I decided to argue as follows: If $f$ is in the Schwartz space it is infinitely many times differentiable and the inequality follows as in the proof I linked. If it is in $\mathscr L^2$ then by density, we have a sequence of Schwartz functions $f_n$ that converge point-wise a.e. and in the 2 norm to $f$ satisfying
\begin{equation}\left\|xf_n(x)\right\|_2\big\|\xi\hat f_n(\xi)\big\|_2\ge \frac 12\left\|f_n\right\|_2\big\|\hat f_n\big\|_2\end{equation}
Now the right hand side tends to the desired
\begin{equation}\frac 12\left\|f\right\|_2\big\|\hat f\big\|_2\end{equation}
but where does the left hand side converge to? If $x^2f_n^2(x)$ was bounded by an integrable function I could use the Dominated Convergence Theorem, but I don't have that. Any ideas?
EDIT: As User98130 said we can for $f\in \mathscr L^2(\mathbb R)$ we can consider $g(x)=f(x)(1+x^2)^{1/2}\in \mathscr L^2$ and approximate it by functions $g_n\in \mathscr C^{\infty}_c$ in the $\mathscr L^2$ norm.

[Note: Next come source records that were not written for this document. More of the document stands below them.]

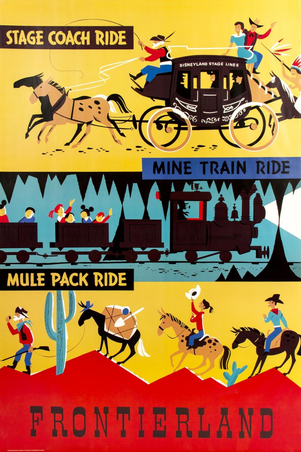 (Disneyland, 1990s) An attraction poster reproduction from the Disney Gallery featuring Frontierland's "Stage Coach Ride", "Mine Train Ride", and "Mule Pack Ride" attractions. For a very short time, the Disney Gallery offered a limited amount of full-size reproduction attraction posters for many of the well-known Disneyland attractions. This faithful replica reads "Image reproduced courtesy of Walt Disney Imagineering" in the lower-left corner. The poster measures 54"x36" and is in very good condition with some edge-wear and some spots of discoloration around the border.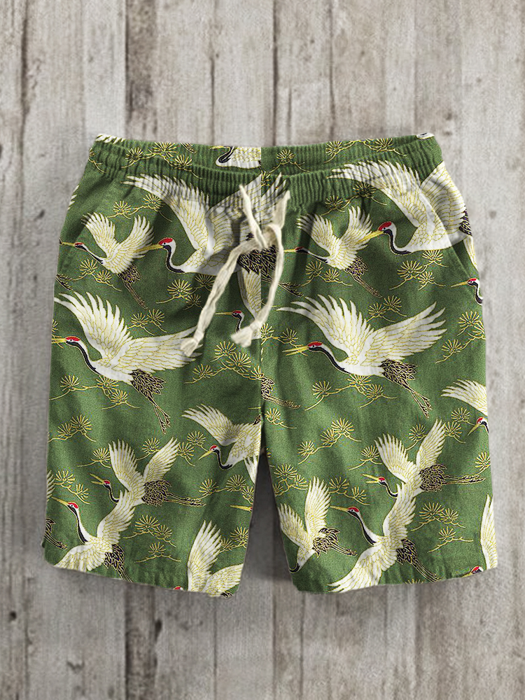 Cranes & Pine Trees Japanese Linen Blend Shorts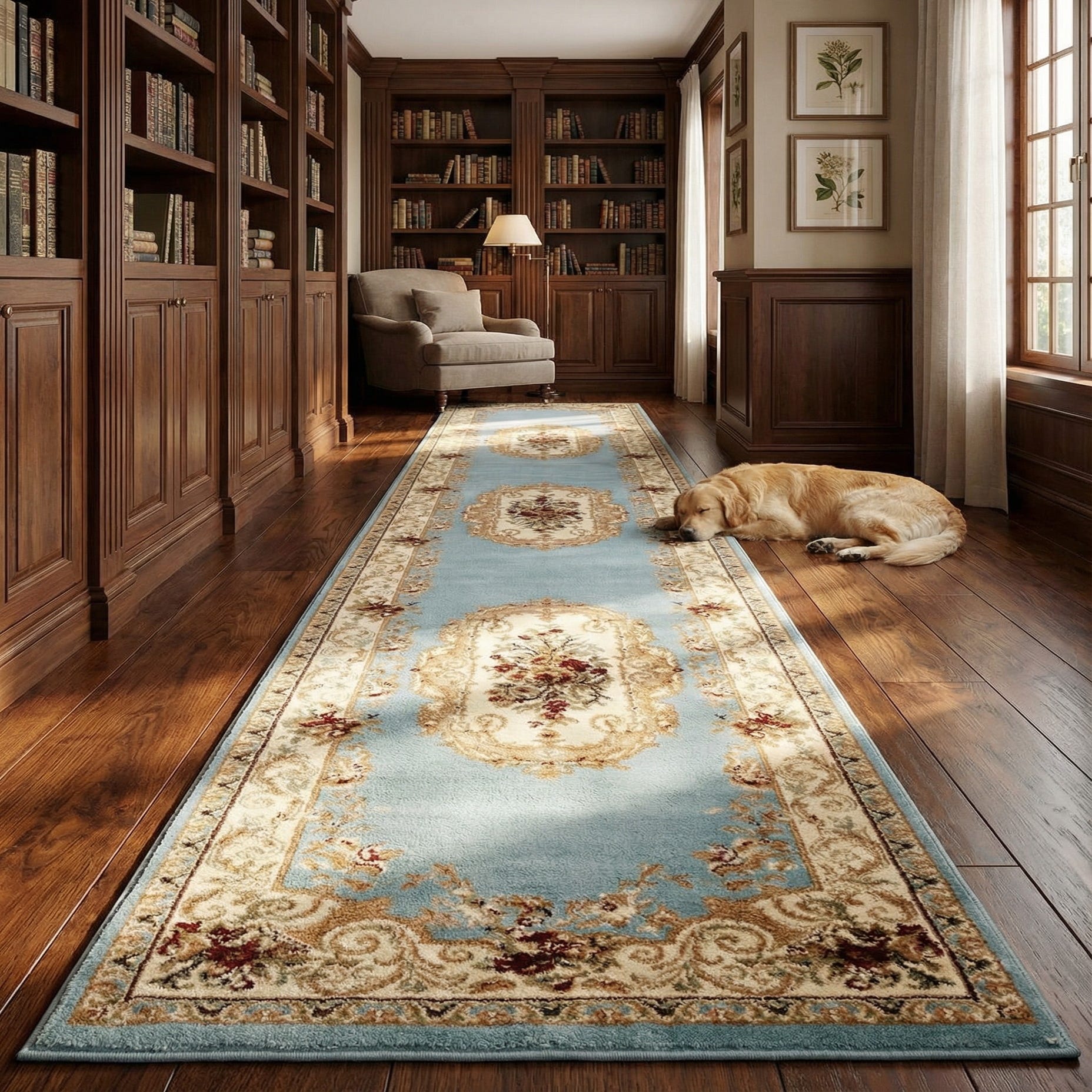 A 13 ft light blue traditional runner rug with an ornate cream and gold border, featuring floral medallions in red and brown.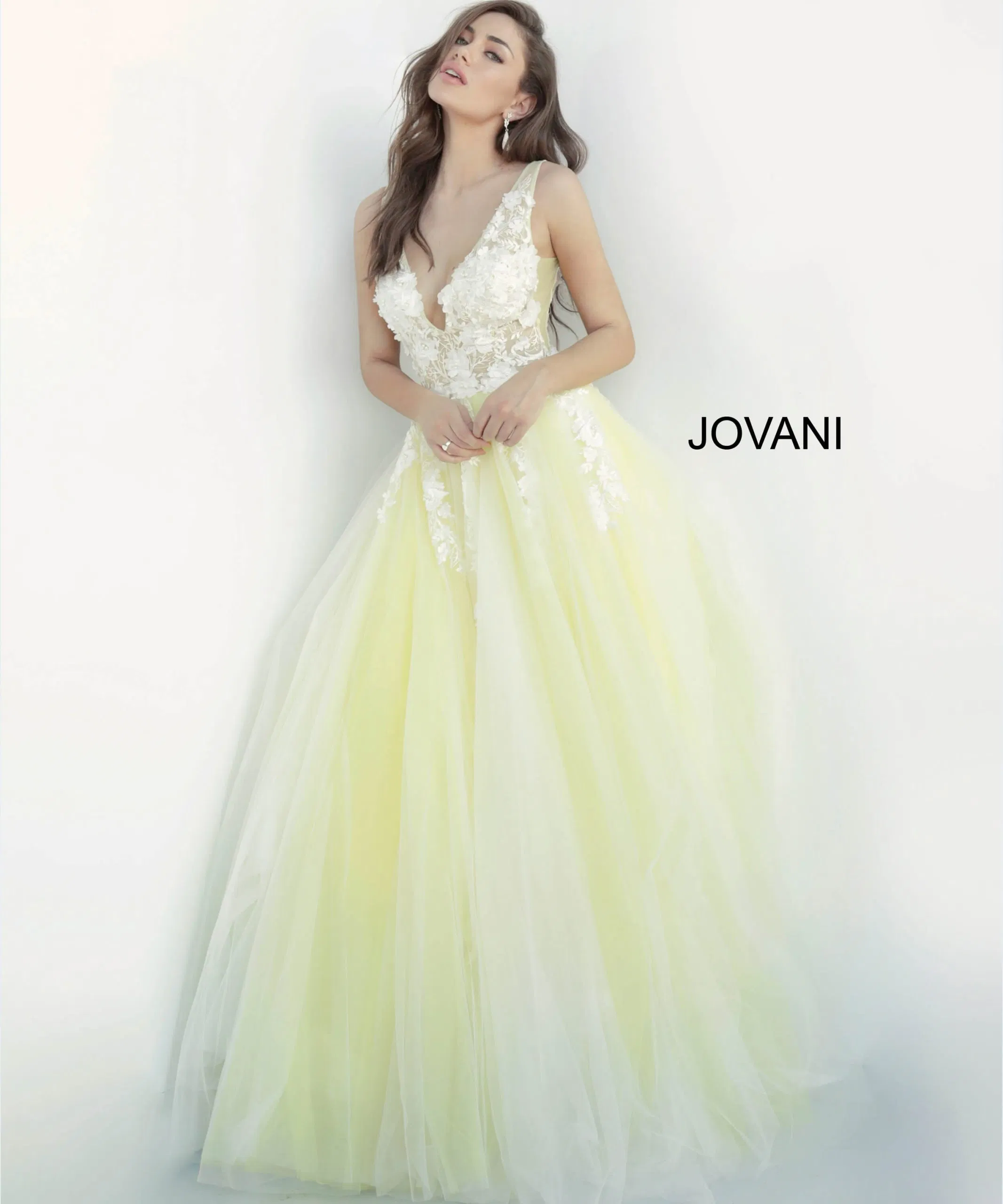 Floral Appliques V Neck Prom Ballgown Jovani 55634

If $f_n(x)=g_n(x)(1+x^2)^{-1/2}$, then $f_n\in \mathscr C^{\infty}_c\subseteq \mathcal S$ and $f_n\to f$, $xf_n(x)\to xf(x)$ in the 2-norm. This is because
\begin{equation}\left\|f_n-f\right\|_2,\left\|xf_n(x)-xf(x)\right\|_2\le\big\| (1+x^2)^{1/2}(f_n(x)-f(x))\big\|_2=\left\|g_n-g\right\|_2\to 0\end{equation}
But how do we prove that $\xi\hat f_n(\xi)\to \xi\hat f(\xi)$ in the $\mathscr L^2$ norm?
Best Answer
Edit: the approximation suggested below works only in the $x$ variable.

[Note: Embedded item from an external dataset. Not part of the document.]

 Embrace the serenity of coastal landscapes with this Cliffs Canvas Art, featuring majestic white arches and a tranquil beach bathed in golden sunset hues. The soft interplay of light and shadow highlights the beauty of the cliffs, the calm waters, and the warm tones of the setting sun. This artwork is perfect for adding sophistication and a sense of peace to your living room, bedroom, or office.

I suggest working with $f$ and its $\mathscr L^2$ derivative $f'$ directly, without an approximation. The $\mathscr L^2$ derivative comes from the inverse Fourier transform of $\xi \hat f(\xi)$. There is a step-by-step guide to the proof in Real Analysis by Folland, page 255.
Not only $f$, but also $g:=(1+x^2)^{1/2}f$ is in $L^2$. Approximate $g$ by smooth functions $g_n$ in $L^2$. Define $f_n=g_n/(1+x^2)^{1/2}$. Observe that $f_n\to f$ in $L^2$ and $xf_n\to xf$ in $L^2$. (Indeed, multiplication by an $L^\infty$ function is a continuous linear operator on $L^2$.)
By the way, you are right that $f$ does not have to be classically differentiable. Under the stated conditions, it belongs to the Sobolev space $W^{1,2}$, meaning it has a weak derivative which is in $L^2$. Perhaps the author had the weak derivative in mind when writing that proof.